What to work on →
Report how many lines in the data include "sind", with the number as the only reply.

Stored data entries
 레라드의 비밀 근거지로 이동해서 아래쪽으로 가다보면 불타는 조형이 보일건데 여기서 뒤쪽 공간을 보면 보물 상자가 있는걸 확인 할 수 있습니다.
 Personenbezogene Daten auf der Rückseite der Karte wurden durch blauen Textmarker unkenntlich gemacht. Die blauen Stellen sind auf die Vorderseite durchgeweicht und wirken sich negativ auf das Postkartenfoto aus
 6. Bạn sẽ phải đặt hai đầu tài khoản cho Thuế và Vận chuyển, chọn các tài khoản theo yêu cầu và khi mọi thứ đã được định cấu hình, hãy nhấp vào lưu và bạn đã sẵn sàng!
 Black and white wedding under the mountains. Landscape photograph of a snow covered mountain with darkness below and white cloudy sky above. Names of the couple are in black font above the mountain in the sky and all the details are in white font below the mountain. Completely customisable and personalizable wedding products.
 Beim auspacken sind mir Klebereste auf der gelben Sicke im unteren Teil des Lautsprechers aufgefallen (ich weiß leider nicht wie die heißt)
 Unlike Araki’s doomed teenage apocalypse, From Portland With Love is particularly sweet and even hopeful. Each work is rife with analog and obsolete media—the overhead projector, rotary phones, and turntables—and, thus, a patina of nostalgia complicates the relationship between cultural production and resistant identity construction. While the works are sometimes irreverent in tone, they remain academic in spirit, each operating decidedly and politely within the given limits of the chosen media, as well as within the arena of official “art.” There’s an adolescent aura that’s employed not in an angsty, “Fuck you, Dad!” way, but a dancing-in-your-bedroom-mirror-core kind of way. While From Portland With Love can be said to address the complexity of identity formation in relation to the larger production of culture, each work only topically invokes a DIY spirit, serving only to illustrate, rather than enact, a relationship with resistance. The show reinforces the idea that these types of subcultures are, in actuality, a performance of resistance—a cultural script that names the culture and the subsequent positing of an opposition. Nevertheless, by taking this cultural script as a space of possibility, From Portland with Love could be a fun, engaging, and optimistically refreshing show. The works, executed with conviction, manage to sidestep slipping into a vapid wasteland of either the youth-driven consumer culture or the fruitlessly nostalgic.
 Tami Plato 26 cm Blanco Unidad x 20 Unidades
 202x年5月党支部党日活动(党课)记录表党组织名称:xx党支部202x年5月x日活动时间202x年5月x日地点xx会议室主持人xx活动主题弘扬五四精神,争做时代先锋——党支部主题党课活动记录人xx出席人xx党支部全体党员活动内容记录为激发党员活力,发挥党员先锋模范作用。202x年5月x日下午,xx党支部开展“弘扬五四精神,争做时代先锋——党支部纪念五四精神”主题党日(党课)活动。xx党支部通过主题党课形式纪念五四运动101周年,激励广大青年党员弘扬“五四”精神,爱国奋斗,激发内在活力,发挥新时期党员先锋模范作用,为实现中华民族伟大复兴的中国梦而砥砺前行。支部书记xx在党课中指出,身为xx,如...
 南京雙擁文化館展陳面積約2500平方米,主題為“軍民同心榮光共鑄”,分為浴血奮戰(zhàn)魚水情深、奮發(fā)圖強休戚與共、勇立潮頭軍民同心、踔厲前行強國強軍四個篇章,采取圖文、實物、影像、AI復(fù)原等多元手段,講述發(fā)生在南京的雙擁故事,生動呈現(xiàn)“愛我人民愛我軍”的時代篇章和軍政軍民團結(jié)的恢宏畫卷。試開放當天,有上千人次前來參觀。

--

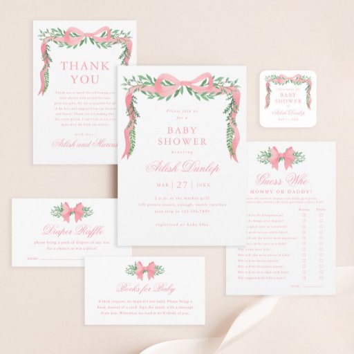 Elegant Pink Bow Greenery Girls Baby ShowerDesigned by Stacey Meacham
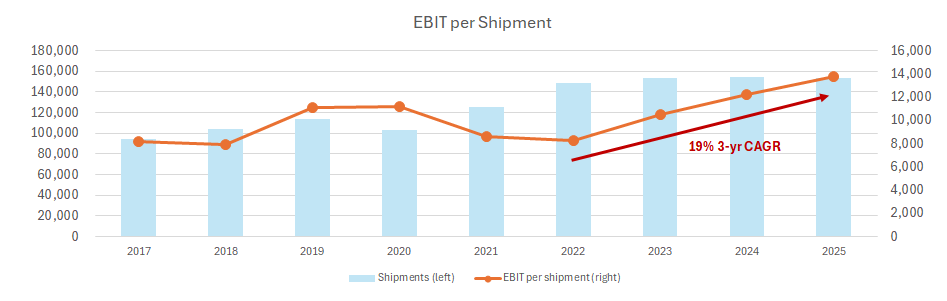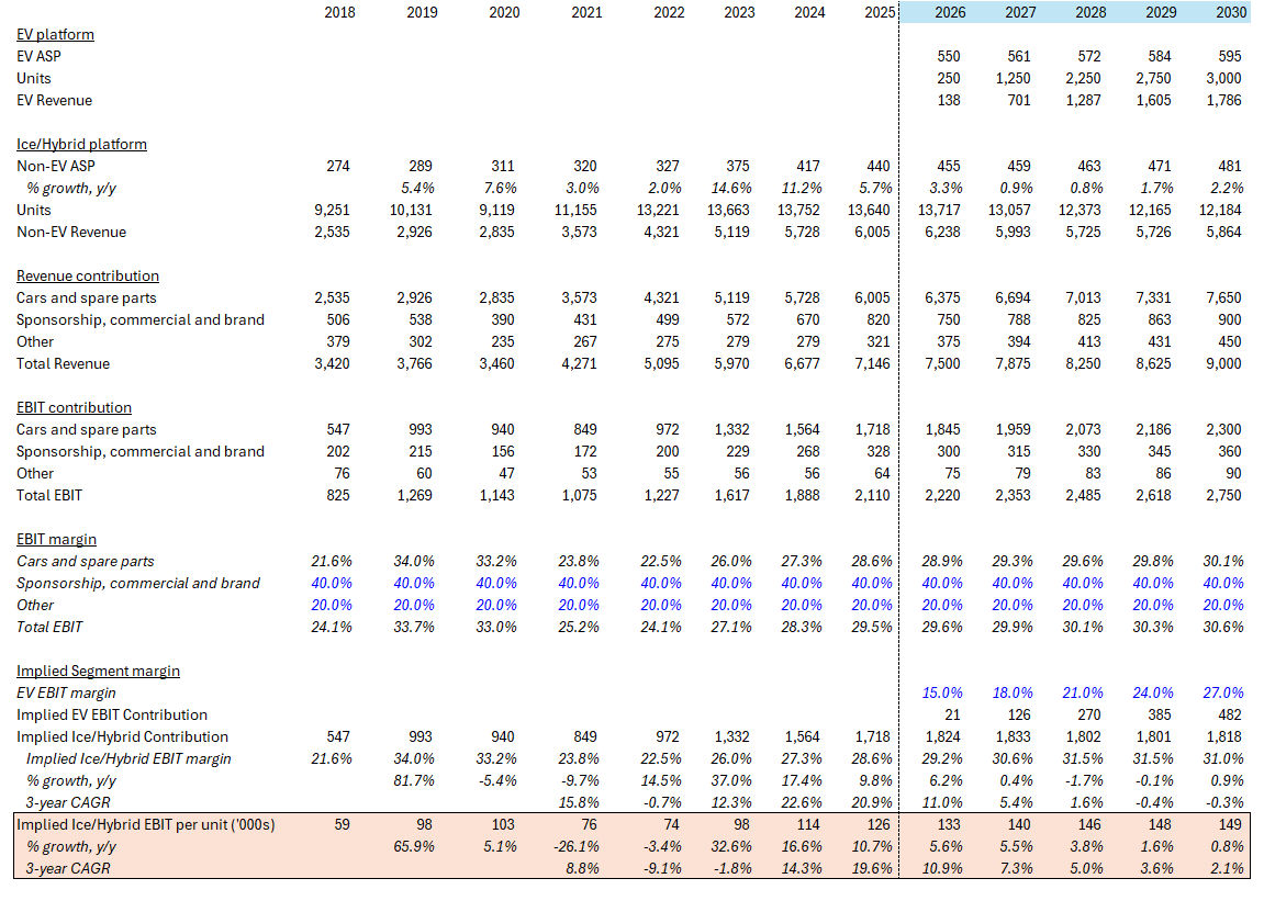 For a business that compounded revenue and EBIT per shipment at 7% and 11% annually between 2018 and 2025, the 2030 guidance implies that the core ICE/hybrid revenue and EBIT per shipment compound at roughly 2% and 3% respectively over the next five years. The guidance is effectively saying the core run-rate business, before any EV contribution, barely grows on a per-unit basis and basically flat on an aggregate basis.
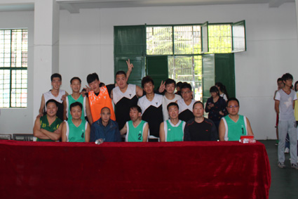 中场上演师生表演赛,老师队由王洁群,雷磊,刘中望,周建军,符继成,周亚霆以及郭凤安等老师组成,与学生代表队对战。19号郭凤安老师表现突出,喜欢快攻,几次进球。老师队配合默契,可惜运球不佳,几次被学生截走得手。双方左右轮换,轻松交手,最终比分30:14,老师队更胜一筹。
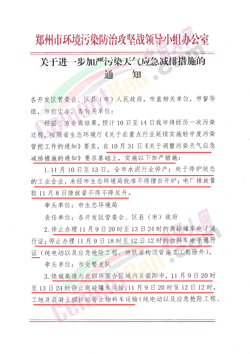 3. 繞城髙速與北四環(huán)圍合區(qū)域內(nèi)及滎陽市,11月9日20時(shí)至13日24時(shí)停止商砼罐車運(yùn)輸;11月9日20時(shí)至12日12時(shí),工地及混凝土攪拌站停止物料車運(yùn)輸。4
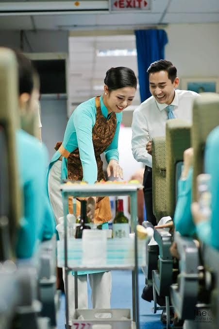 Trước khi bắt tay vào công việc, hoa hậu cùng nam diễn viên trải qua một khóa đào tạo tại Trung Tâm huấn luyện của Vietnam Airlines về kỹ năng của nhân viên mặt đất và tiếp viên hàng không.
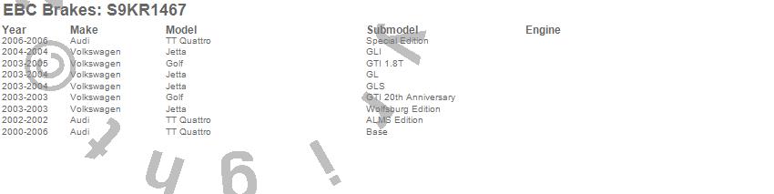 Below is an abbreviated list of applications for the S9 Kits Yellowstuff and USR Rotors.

Expected output →
2